Van links naar rechts: de stallen, het woonhuis, doorgang naar het bos en het koetshuis (beeld: Visual Dimension)

In de paardenstal staan zowel de werkpaarden als de koetspaarden. Naast de paardenstal is het koetshuis.  Vermoedelijk had de kasteelheer dan ook een koets.

De paardenstal van het kasteel, met zowel werkpaarden als koetspaarden (beeld: Visual Dimension)
Een typische 17de eeuwse koets (beeld: Visual Dimension)

De kasteelhoeve heeft ook een brouwerij, die het bier maakt voor Elene, Leeuwergem en het kasteel.  Op deze manier heeft de kasteelheer het recht om belasting te heffen op bier dat van buitenaf komt.  De brouwerij bestaat uit een centrale kookketel en twee brouwkuipen.  De gekookte wort wordt in platte bakken in het dakgebinte gepompt om te koelen, daarna laat men het een tijd in de andere kuip gisten.  Het resulterende bier kan nog een tijd nagisten in houten vaten, vooraleer het finaal in biervaten gaat, klaar voor vervoer.

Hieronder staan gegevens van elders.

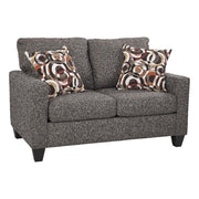 This Is An Urban Loft Track Arm Loveseat. It Is Apartment Sized. The Smaller Foot Print Will Fit Into Any Floor Plan. The Loveseat Is In A Great Neutral Charcoal Gray Woven Fabric With Vibrant Circle Motif Pillows. The Back Pillows Are Attached And The Seat Cushions Are Non-Reversible. This Allows Everything To Stay In Place. Clean Crisp Lines For A Modern Appeal. This Loveseat Can Seat Two Comfortably.

De brouwerij, met achteraan de brouwkuipen en kookketel, en met twee koelbakken in het gebinte (beeld: Visual Dimension)

Naast het woonhuis is er ook een doorgang naar het bos, waar geriefhout en hakhout werd gehaald.  Er zijn immers hakhoutstoven teruggevonden in het gemeenschappelijk bos naast het kasteel, die vermoedelijk van deze periode dateren.  Omwonenden mochten dit bos gebruiken om er hakhout en wintervoeder voor de dieren te halen en er varkens te weiden, maar niet om te jagen.

Van deze doorgang werd de houten latei bij verbouwingen teruggevonden (beeld: Visual Dimension)

Langs de weg naar het bos liggen siertuinen en een grote boomgaard.

Vanuit deze siertuinen langs de zuidkant heeft men een uitzonderlijk zicht op het kasteel (beeld: Visual Dimension)
De weg leidt naar het gemeenschappelijk bos (beeld: Visual Dimension)
kasteel van Leeuwergem

Het kasteel van Leeuwergem in 1640

Nadat het vervallen laat-middeleeuws kasteel van Leeuwergem in 1608 door de Noordnederlandse adellijke families de la Loo – van der Aa wordt aangekocht, wordt het tijdens de vreedzame periode onder aartshertogen Albrecht en Isabella herbouwd. Het kasteel is in die periode dus het centrum van de heerlijkheid Leeuwergem-Elene, en meer een permanente woning dan een zomerresidentie, want Philips de la Loo, die sterft in 1620, en verschillende leden van de families de Lannoy worden als inwoner van Leeuwergem in een gezamelijke grafkelder onder de kerk van Leeuwergem begraven.

Kerk van Leeuwergem met de graven van meerdere kasteelheren van Leeuwergem (foto: Daniël Pletinckx)

Kort voor 1640 wordt het herbouwde kasteel door Antonius Sanderus afgebeeld in zijn beroemde Flandria Illustrata (deel III). De tekening toont het kasteel met aanpalende tuin temidden van de kasteelvijver, met daarnaast de herenhoeve, een grote siertuin, een boomgaard en bos.

Afbeelding rond 1640 in Flandria Illustrata III van het kasteel van Leeuwergem (UGent)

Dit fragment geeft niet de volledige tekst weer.